An open benchmark suite and reference baselines for high-entropy alloy phase prediction.
Project description
hea-bench
An open, reproducible benchmark suite and reference baselines for high-entropy alloy (HEA) phase prediction.
TL;DR
- A consolidated, deduplicated open dataset of 7,784 experimentally characterized multi-principal element alloys, merged from three primary sources (Borg 2020, Pei 2020, Peivaste 2023) with per-row source provenance.
- Reference baseline implementations of the four canonical empirical phase-prediction rules (Yeh ΔSmix, Zhang δ, Guo-Liu VEC, Yang-Zhang Ω), wrapped as proper diagnostic classifiers with sensitivity / specificity / Wilson 95% CIs.
- A clean, dependency-free Python API (
pip install hea-bench) and an in-browser frontend that runs the same library via Pyodide/WebAssembly — no install, no server, no JavaScript re-implementation.
Using an AI coding agent to integrate this? See AGENTS.md for a machine-oriented guide to the API, exact return types and units, the fastest path to each task, and the mistakes to avoid.
Headline benchmark numbers (v0.1.0)
Running the four canonical rules against the consolidated benchmark produces the reference baselines below. These are pinned in tests so any drift in dataset, descriptor code, or rule thresholds surfaces as a test failure.
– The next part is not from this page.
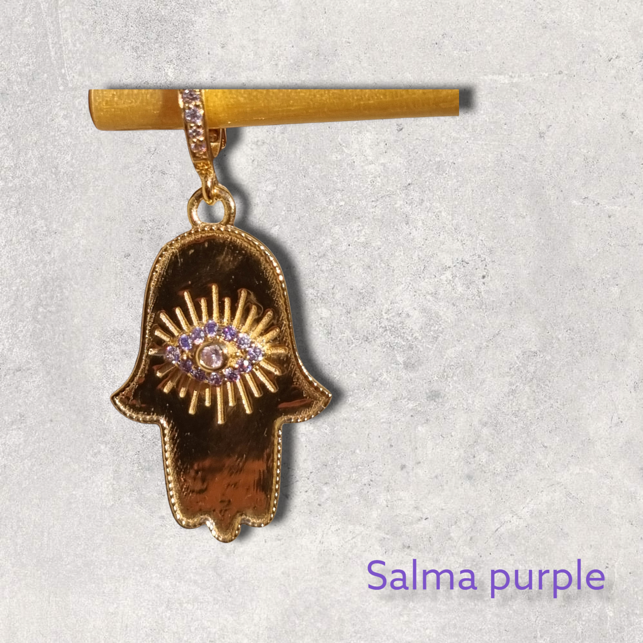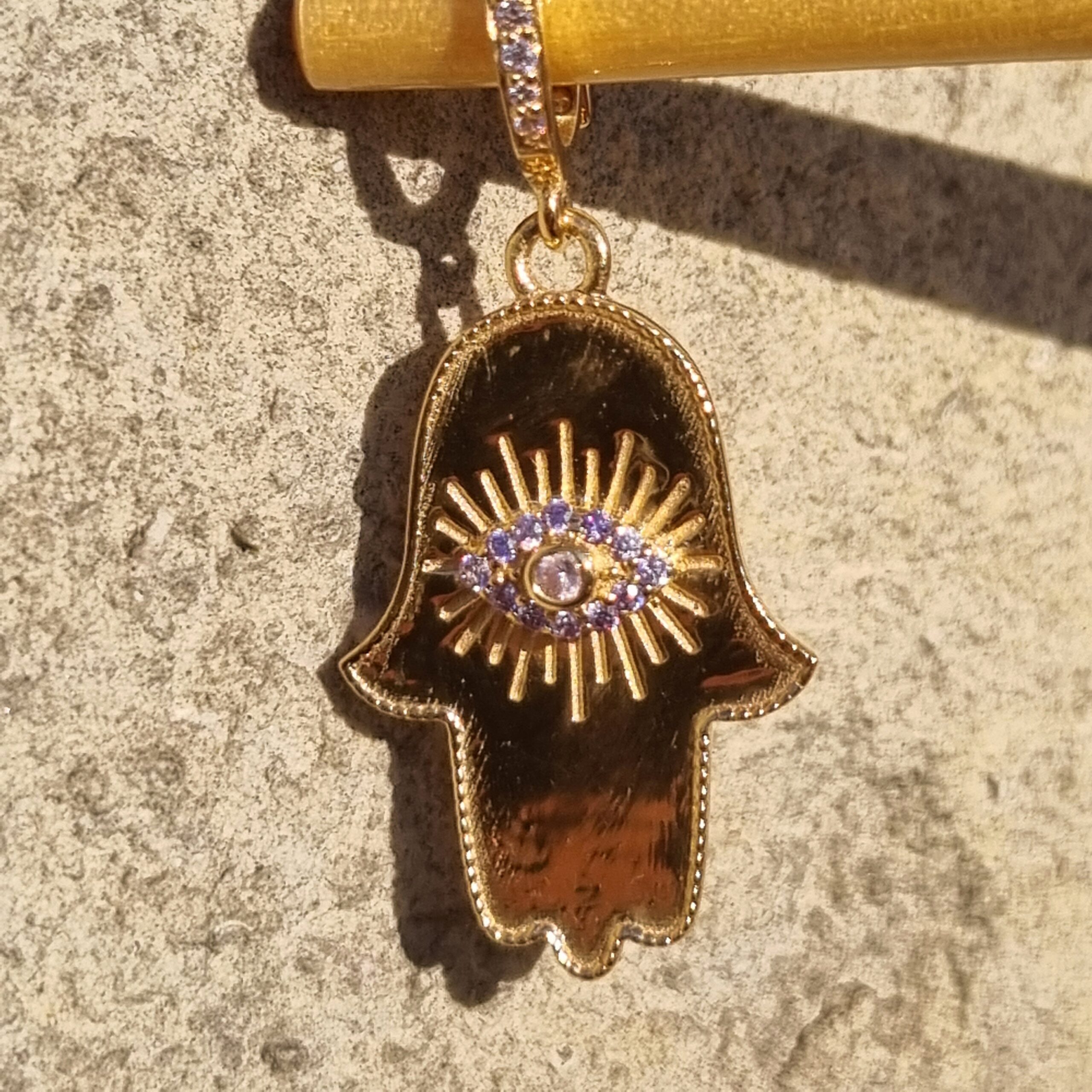 SALMA est un charm talisman main de protection connue aussi sous le nom de Hamsa inspirée des bijoux traditionnels orientaux. Double symboles de protection par un petit œil au centre. Sa bélière ouvrable sertie de zircons vous permet d’attacher le charm à une chaîne ou cordon de votre choix.
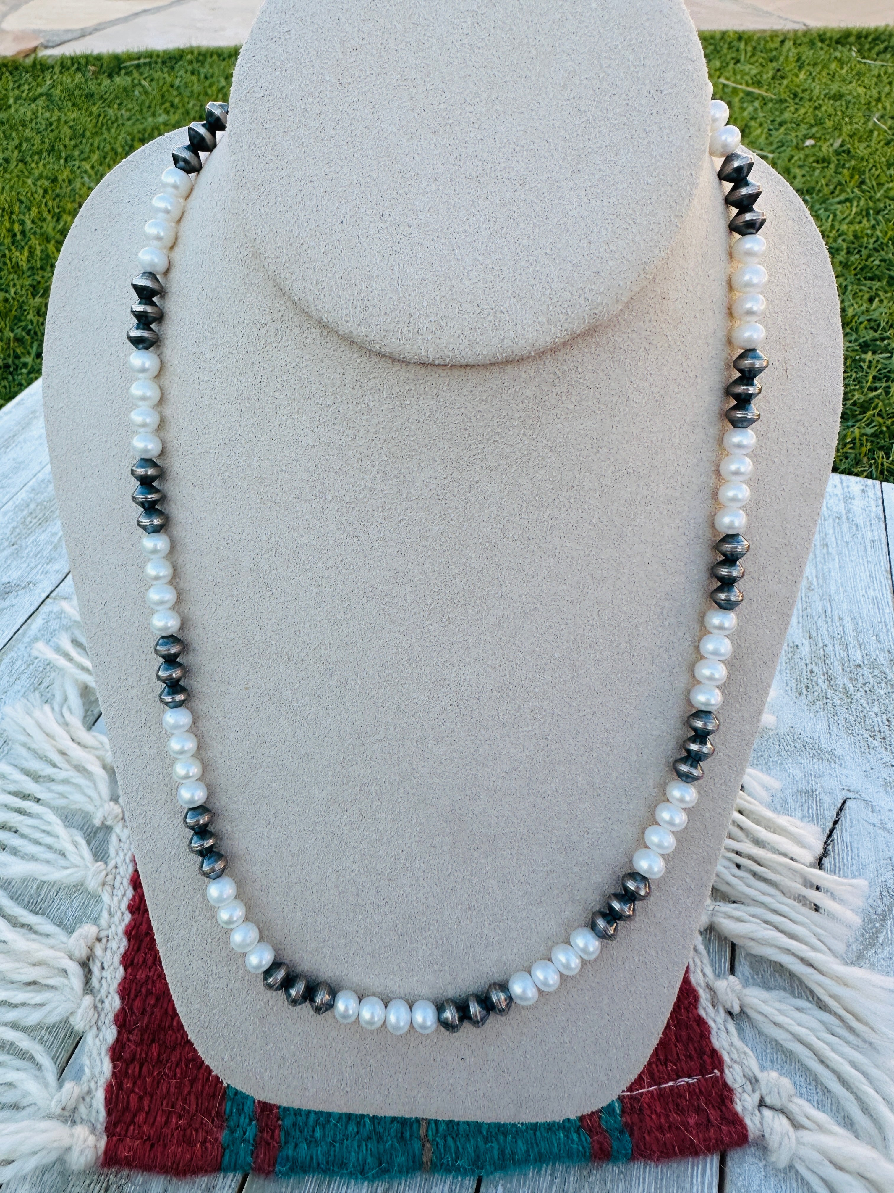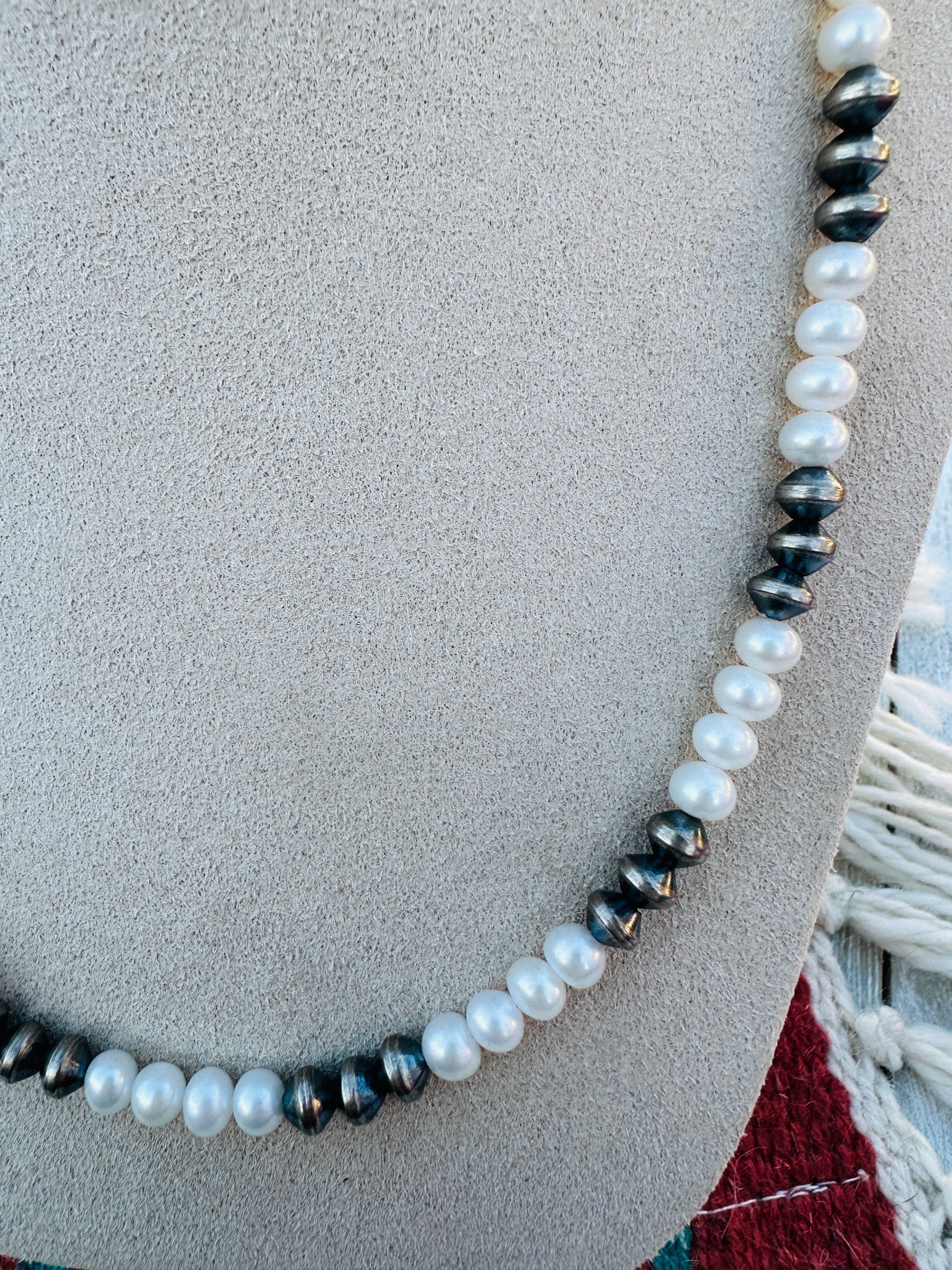 Sterling Silver Pearl & Freshwater Pearl 18” Beaded Necklace

| Rule | n_eval | Accuracy | Sens (single-phase) | Spec (multi-phase) | Youden's J |
|---|---|---|---|---|---|
| Zhang δ < 6.5% | 6,651 | 56.7% | 99.0% | 8.5% | 0.075 |
| Yang Ω > 1.1 | 6,651 | 54.4% | 95.8% | 7.4% | 0.032 |
The Guo–Liu VEC rule predicts crystal structure rather than single-vs-multi, so it's evaluated stratified to single-phase observations (BCC|FCC only):
| Rule | n_eval | Accuracy | FCC sensitivity | BCC sensitivity |
|---|---|---|---|---|
| Guo–Liu VEC (FCC if VEC ≥ 8.0, BCC if VEC < 6.87) | 3,463 | 66.9% | 92.4% | 48.3% |
Yeh ΔSmix is descriptive (no phase-prediction claim attached) — 47% of the consolidated benchmark passes the 1.5R HEA-class threshold, 37% sits in the MEA bin, 16% is dilute.
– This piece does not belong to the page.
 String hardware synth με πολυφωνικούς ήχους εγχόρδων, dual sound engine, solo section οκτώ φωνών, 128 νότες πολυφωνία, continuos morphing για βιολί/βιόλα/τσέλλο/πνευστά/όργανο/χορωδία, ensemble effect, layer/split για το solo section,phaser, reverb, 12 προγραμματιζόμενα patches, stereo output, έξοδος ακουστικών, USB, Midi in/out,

The publishable observation: on a consolidated benchmark drawn from three independent open sources, both binary rules collapse to "predict single-phase almost always" (Youden's J ~ 0.03–0.08), and the VEC rule misses about half of observed BCC alloys despite catching 92% of FCC alloys. The canonical rules generalize poorly.
Quick start (Python)
pip install hea-bench
import hea_bench
cantor = {"Co": 0.2, "Cr": 0.2, "Fe": 0.2, "Mn": 0.2, "Ni": 0.2}
hea_bench.smix(cantor) # 13.381 J/(mol·K) = R · ln 5
hea_bench.delta(cantor) # 3.164 % atomic-size mismatch
hea_bench.vec(cantor) # 8.0 valence electrons
hea_bench.mixing_enthalpy(cantor) # -4.16 kJ/mol (Miedema)
hea_bench.omega(cantor) # 5.79 (Yang-Zhang)
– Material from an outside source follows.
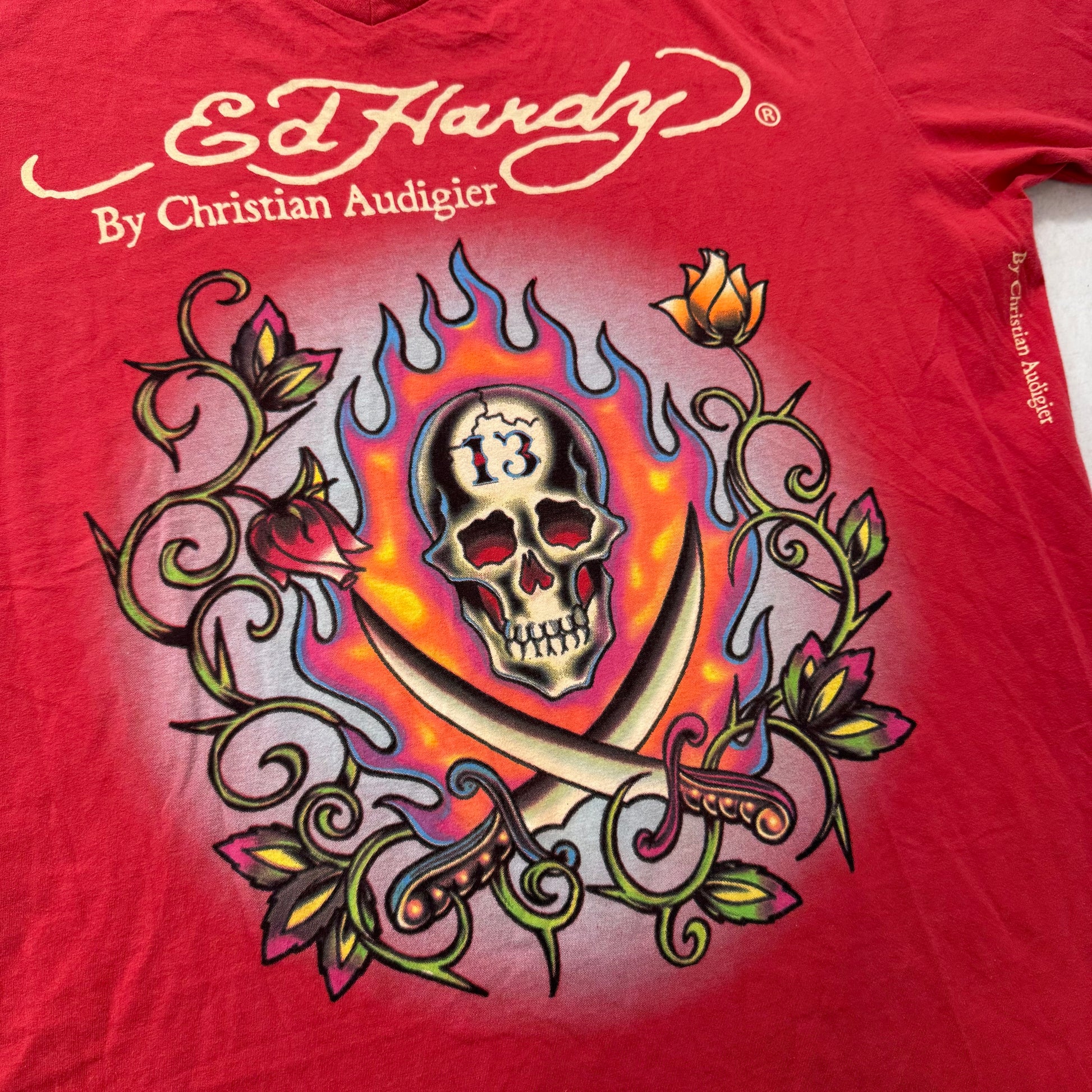 ED Hardy By Christian Audigier “Flame Pirate Skull” Red Graphic T-Shirt Features Bold Pirate Skull Artwork With Flame Details And A Striking Y2K Streetwear Aesthetic. Designed With A Comfortable Crew Neck And Relaxed Fit For Everyday Casual Wear, This Tee Is New Without Tags. Perfect For Pairing With Jeans Or Layered Outfits, Adding Signature Ed Hardy Style And Edge To Your Wardrobe.

# Apply the canonical rules
from hea_bench.rules import zhang_delta, yang_omega, guo_vec
zhang_delta.predict(cantor) # 'single-phase'
yang_omega.predict(cantor) # 'single-phase'
guo_vec.predict(cantor) # 'FCC'
# Run the full rule benchmark against the consolidated v0.1.0 dataset
from hea_bench.evaluate import build_report
report = build_report()
print(report["rules"]["zhang_delta_6_5"]["accuracy"]) # 0.5670
Quick start (CLI)
hea-bench --version
python -m hea_bench.evaluate # run all 4 rules on v0.1.0
python -m hea_bench.benchmark.coverage # coverage analysis on v0.1.0
Quick start (browser, no install)
The same Python library runs in a browser tab via Pyodide. After cloning:
python -m http.server 8000 --directory web
# open http://localhost:8000
First load downloads the Pyodide runtime (~10 MB, cached after) and
the hea_bench wheel. Then the in-page UI computes descriptors
locally — same code, same numerics, no server.
Architecture
┌────────────────────────────┐
│ data/consolidated/v0.1.0/ │
│ - consolidated.csv │
│ - rule_baselines.json │
│ - coverage_report.json │
│ - manifest.json │
└─────────────▲──────────────┘
│
│ produced by
│
┌─────────────────────┐ ┌───────────────┴───────────────┐
│ data/raw/ │ │ src/hea_bench/ │
│ - borg2020/ │───►│ - benchmark/ │
│ - pei2020/ │ │ consolidate.py │
│ - peivaste/ │ │ coverage.py │
│ (per-source READMEs│ │ loaders/{borg,pei,...}.py│
│ + provenance) │ │ - descriptors/{size, vec, │
└─────────────────────┘ │ melting, miedema, omega} │
│ - rules/{yeh, zhang, │
│ guo, yang} │
│ - classifiers/ │
│ diagnostic_stats.py │
│ - evaluate.py │
└──────────────┬────────────────┘
│
│ also runs in
▼
┌──────────────────────────────┐
│ web/ (Pyodide front-end) │
│ - index.html │
│ - dist/hea_bench-*.whl │
└──────────────────────────────┘
What's in the benchmark
data/consolidated/v0.1.0/consolidated.csv — 7,784 unique
compositions × 14 columns:
composition_key— alphabetically sorted element symbols + 4-decimal mole fractions, the canonical join keyn_elements,sources(semicolon-separated)canonical_phase— one ofBCC/FCC/HCP/multi-phase(blank when the contributing sources disagree)has_conflict— 1 when the canonical_phase is blank because of a source-label disagreement- Per-source canonical and raw labels preserved verbatim
borg_processing,borg_doi,source_row_idsfor provenance
100 of the 7,784 compositions are cross-source label conflicts — flagged for downstream resolution rather than silently picked. The sources are: Borg 2020 (740 alloys), Pei 2020 (1,209 alloys), Peivaste 2023 (7,747 alloys).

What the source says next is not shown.